*SUPPLIED DATA:*
-- -- --
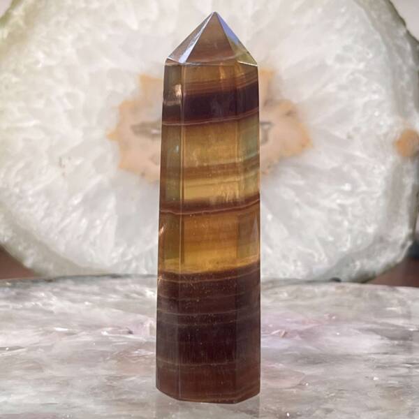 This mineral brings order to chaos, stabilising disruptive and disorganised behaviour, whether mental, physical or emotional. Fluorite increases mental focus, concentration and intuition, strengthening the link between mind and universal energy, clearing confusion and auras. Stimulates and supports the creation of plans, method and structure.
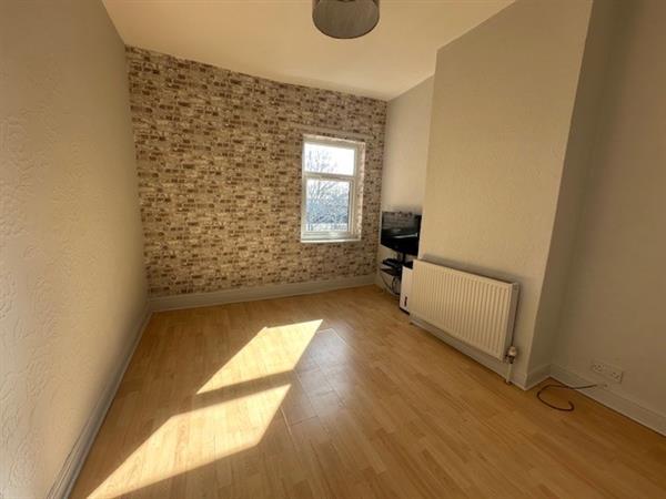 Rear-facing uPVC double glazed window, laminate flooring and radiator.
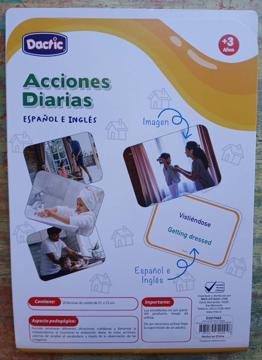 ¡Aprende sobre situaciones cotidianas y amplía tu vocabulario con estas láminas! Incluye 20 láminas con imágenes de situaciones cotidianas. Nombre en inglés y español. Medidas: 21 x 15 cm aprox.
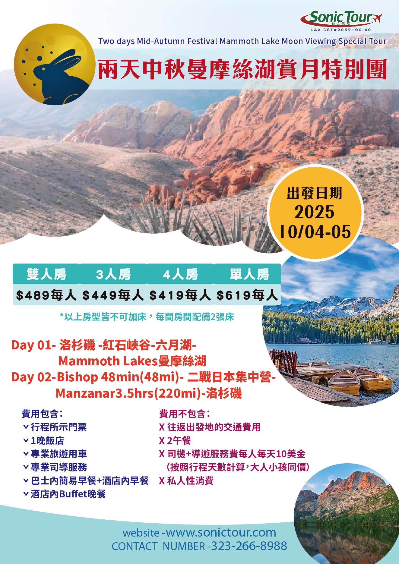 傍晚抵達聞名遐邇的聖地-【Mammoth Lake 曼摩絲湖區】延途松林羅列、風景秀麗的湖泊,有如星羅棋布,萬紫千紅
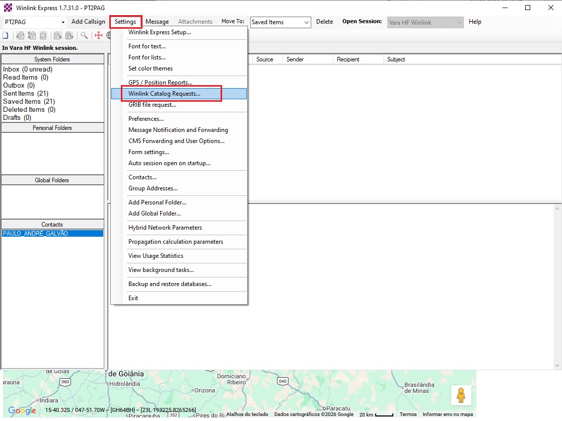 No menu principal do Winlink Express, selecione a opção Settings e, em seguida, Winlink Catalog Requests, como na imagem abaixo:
-- -- --
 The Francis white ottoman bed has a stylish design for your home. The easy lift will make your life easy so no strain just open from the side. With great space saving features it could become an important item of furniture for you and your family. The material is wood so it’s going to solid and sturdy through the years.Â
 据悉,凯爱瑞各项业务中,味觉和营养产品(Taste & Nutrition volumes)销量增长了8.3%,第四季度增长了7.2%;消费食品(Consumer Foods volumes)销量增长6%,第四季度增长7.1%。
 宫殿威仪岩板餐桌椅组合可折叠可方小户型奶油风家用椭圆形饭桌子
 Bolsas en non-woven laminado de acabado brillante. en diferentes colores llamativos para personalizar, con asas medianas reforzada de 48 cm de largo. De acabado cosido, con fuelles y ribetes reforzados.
-- -- --
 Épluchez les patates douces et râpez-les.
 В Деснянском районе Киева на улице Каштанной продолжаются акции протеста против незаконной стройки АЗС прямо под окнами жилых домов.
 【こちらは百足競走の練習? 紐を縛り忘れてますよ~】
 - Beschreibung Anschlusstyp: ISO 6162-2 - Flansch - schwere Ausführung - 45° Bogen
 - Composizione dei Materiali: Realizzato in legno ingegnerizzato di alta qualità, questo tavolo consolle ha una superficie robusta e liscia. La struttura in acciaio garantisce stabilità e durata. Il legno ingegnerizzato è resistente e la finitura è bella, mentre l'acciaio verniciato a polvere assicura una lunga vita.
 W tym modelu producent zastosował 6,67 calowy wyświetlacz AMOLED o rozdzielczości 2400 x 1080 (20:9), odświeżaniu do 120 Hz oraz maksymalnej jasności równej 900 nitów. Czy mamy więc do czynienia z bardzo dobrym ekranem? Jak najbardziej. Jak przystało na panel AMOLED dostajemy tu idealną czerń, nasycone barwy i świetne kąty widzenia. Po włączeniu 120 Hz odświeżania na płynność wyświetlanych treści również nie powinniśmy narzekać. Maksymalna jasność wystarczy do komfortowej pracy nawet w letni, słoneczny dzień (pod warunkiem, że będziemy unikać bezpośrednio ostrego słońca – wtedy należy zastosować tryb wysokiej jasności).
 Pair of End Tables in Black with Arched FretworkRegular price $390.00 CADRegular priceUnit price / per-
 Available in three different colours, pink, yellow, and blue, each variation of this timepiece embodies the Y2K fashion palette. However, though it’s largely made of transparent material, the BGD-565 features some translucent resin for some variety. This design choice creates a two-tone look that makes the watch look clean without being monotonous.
-- -- --
*TASK GOAL:* Using the data above, reproduce exactly the lines between those holding "W tym modelu" and "Pair of End", inclusive, and no others.

*FINISHED EXERCISE:*
 W tym modelu producent zastosował 6,67 calowy wyświetlacz AMOLED o rozdzielczości 2400 x 1080 (20:9), odświeżaniu do 120 Hz oraz maksymalnej jasności równej 900 nitów. Czy mamy więc do czynienia z bardzo dobrym ekranem? Jak najbardziej. Jak przystało na panel AMOLED dostajemy tu idealną czerń, nasycone barwy i świetne kąty widzenia. Po włączeniu 120 Hz odświeżania na płynność wyświetlanych treści również nie powinniśmy narzekać. Maksymalna jasność wystarczy do komfortowej pracy nawet w letni, słoneczny dzień (pod warunkiem, że będziemy unikać bezpośrednio ostrego słońca – wtedy należy zastosować tryb wysokiej jasności).
 Pair of End Tables in Black with Arched FretworkRegular price $390.00 CADRegular priceUnit price / per-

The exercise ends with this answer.